• _Try it_: Word for word, restate the data that follows, omitting the images.

• _Available data_:
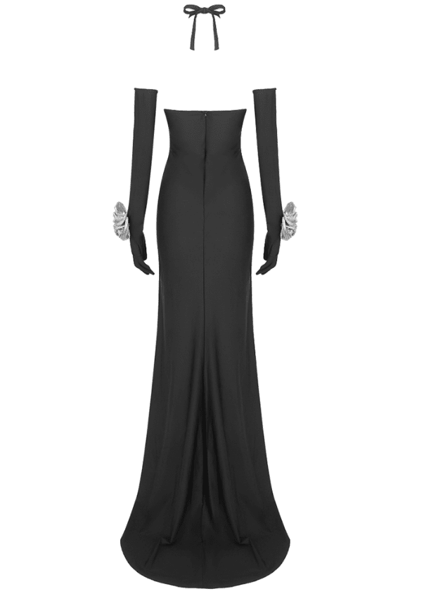 Experience elegance and luxury with our Chadia Maxi Dress. This black maxi dress features a halter neckline, elegant deep neckline, and a striking silver rose detail, making it the perfect statement piece for any occasion. Embrace sophistication and stand out in style with this exclusive and tasteful dress.
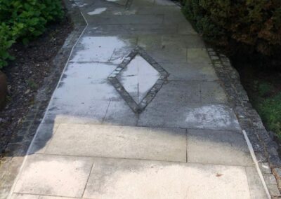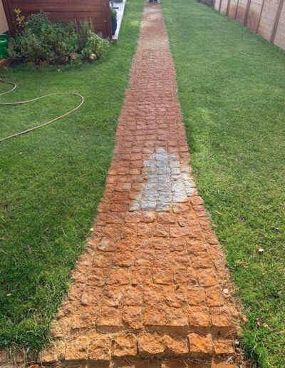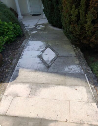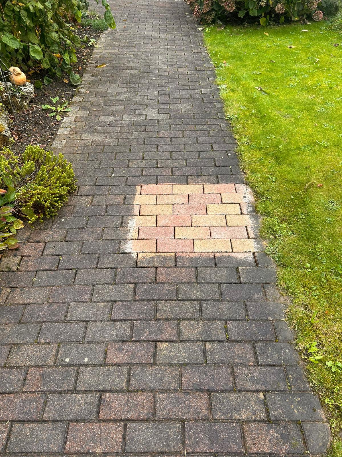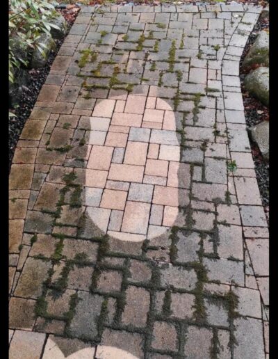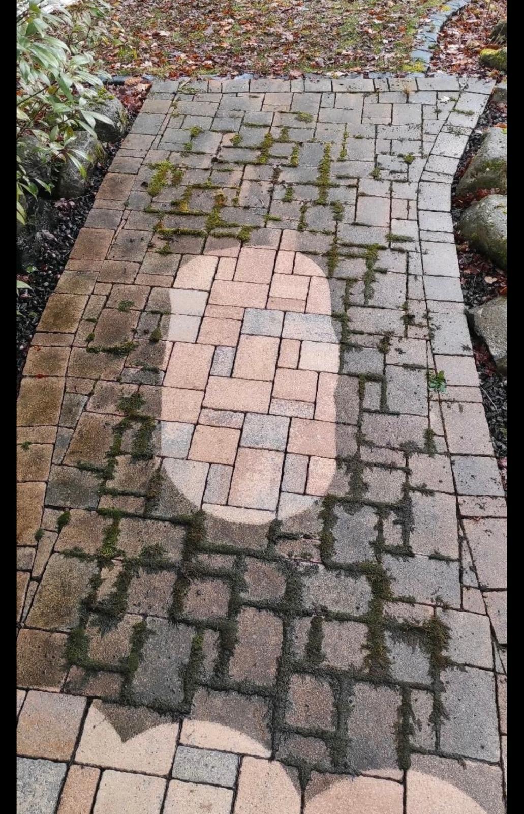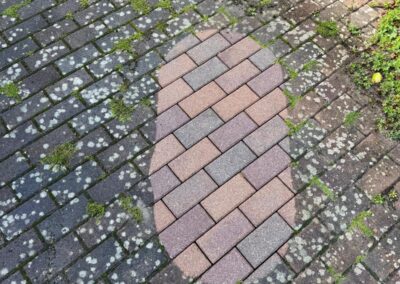 Wir entfernen Moos, Algen, Schmutz und Ablagerungen gründlich von Ihren Pflastersteinen.
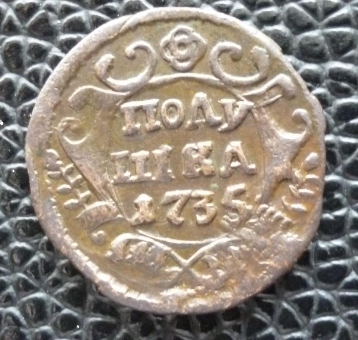 Как выяснили монеты не прошедшие гурчение не редкость Полушка 1739 безгуртовая.
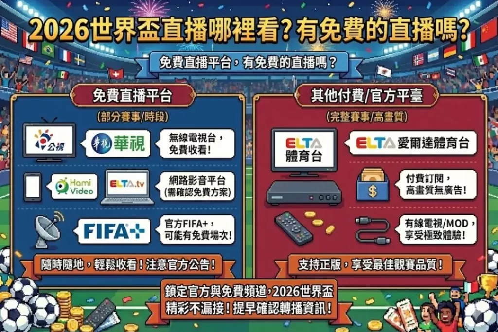 2026世界盃直播只剩下愛爾達?又是愛爾達?想必大家都已經不爽愛爾達很久了,就算今天你購買五大聯賽的轉播,但是遇到世界盃就是需要重新付費,這一點是愛爾達的通病,所以如果想要看免費的世界盃轉播平台,不妨看看以下小編推薦的2026世界盃直播平台。

• _Output for this task_:
 Experience elegance and luxury with our Chadia Maxi Dress. This black maxi dress features a halter neckline, elegant deep neckline, and a striking silver rose detail, making it the perfect statement piece for any occasion. Embrace sophistication and stand out in style with this exclusive and tasteful dress.
 Wir entfernen Moos, Algen, Schmutz und Ablagerungen gründlich von Ihren Pflastersteinen.
 Как выяснили монеты не прошедшие гурчение не редкость Полушка 1739 безгуртовая.
 2026世界盃直播只剩下愛爾達?又是愛爾達?想必大家都已經不爽愛爾達很久了,就算今天你購買五大聯賽的轉播,但是遇到世界盃就是需要重新付費,這一點是愛爾達的通病,所以如果想要看免費的世界盃轉播平台,不妨看看以下小編推薦的2026世界盃直播平台。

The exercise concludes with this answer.